1. Introduction to the concept
decorator, also known as a “decorator function”, is a function that returns a value that is also a function, and can be called a “function of functions”. Its purpose is to implement additional functionality without modifying existing functions. The most basic idea comes from a design pattern called the “decoration pattern”.
In Python, decorators are pure “syntactic sugar”, and it’s okay not to use them, but they can greatly simplify code and make it more readable - for those who know what’s going on, of course.
You’ve probably seen the @
symbol in Python code after studying it for a while. Yes, this symbol is the marker for using decorators, and it’s proper Python syntax.
Syntactic sugar: A syntax added to a computer language that has no effect on the functionality of the language, but is more convenient for the programmer to use. Generally speaking the use of syntactic sugar can increase the readability of a program, thus reducing the chance of errors in the program code.
2. operation mechanism
In short, the following two pieces of code are semantically equivalent (although there is a slight difference in the exact process).
def IAmDecorator(foo):
'''I'm a decorator function'''
pass
@IAmDecorator
def tobeDecorated():
'''I am the decorated function'''
pass
With.
def IAmDecorator(foo):
'''I'm a decorator function'''
pass
def tobeDecorated() :
'''I am the decorated function'''
pass
tobeDecorated = IAmDecorator(tobeDecorated)

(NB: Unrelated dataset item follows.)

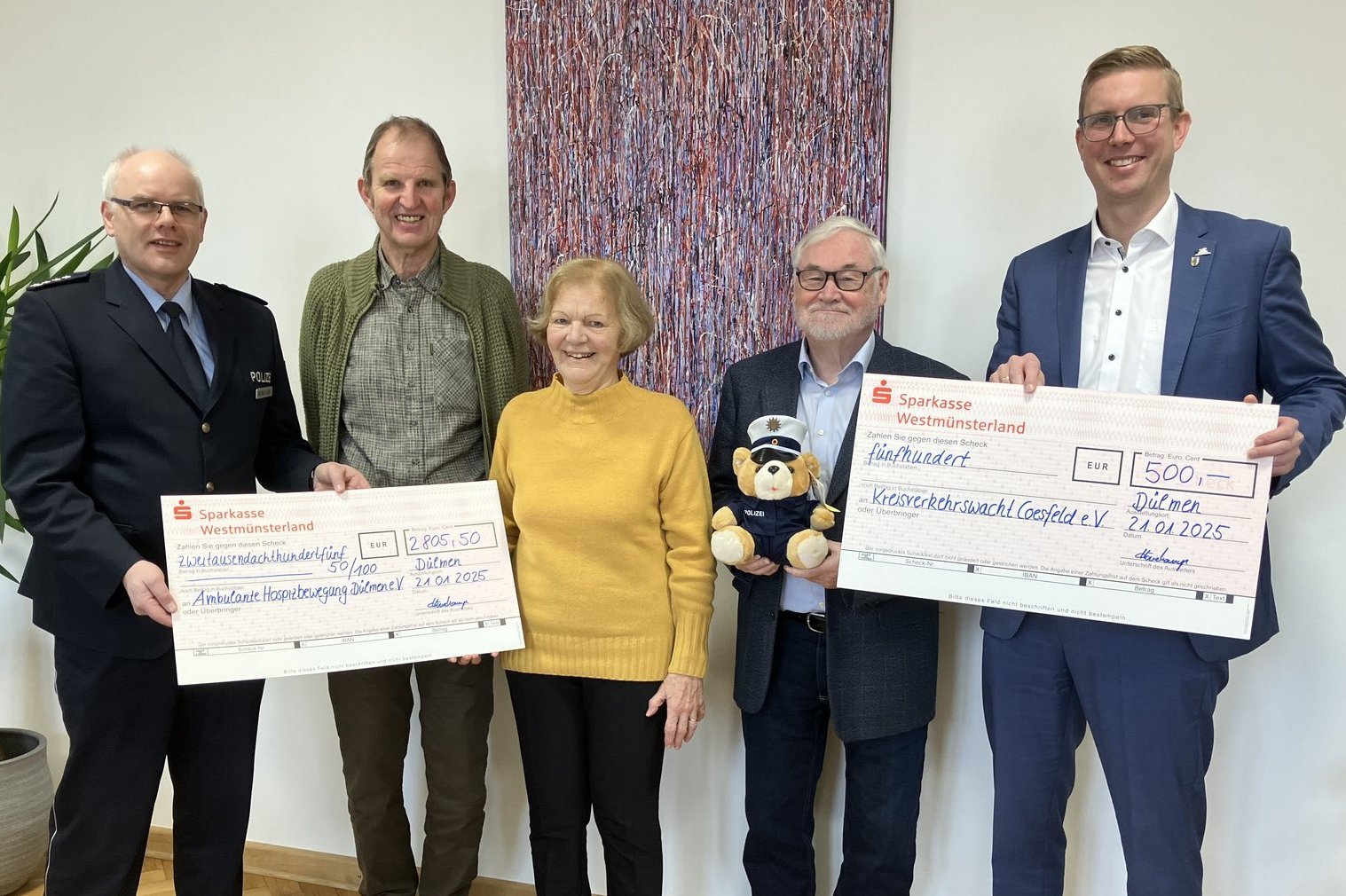 Die ersten 500 Euro gingen an die Kreisverkehrswacht Coesfeld e.V., die mit dem Geld neue Teddybären für an Unfällen beteiligte Kinder anschaffen möchte. „Wir geben die Teddys an die Dienststellen der Polizei weiter, die sie wiederum auf ihre Einsatzfahrzeuge verteilen“, erläutert Hans-Jürgen Lobbe, Geschäftsführer der Kreisverkehrswacht. „Wenn Kinder einen Unfall oder eine ähnliche Situation miterleben, kann so ein Teddybär in Polizei-Uniform ein kleiner Lichtblick sein.“ Im vergangenen Jahr waren bei einem Unfall mit einem Schulbus in Dülmen zahlreiche Teddybären gebraucht worden. Nun kann der Bestand wieder aufgefüllt werden.

As you can see, using the @
syntax of the decorator is equivalent to passing the concrete defined function as an argument to the decorator function, which in turn goes through a series of operations to return a new function, and then assigning this new function to the original function name.
What we end up with is a new function that is same name as the function we explicitly defined in the code and heterogeneous.
The decorated function is like a shell for the original function. As shown in the figure, the resulting combined function is the new function generated by applying the decorator.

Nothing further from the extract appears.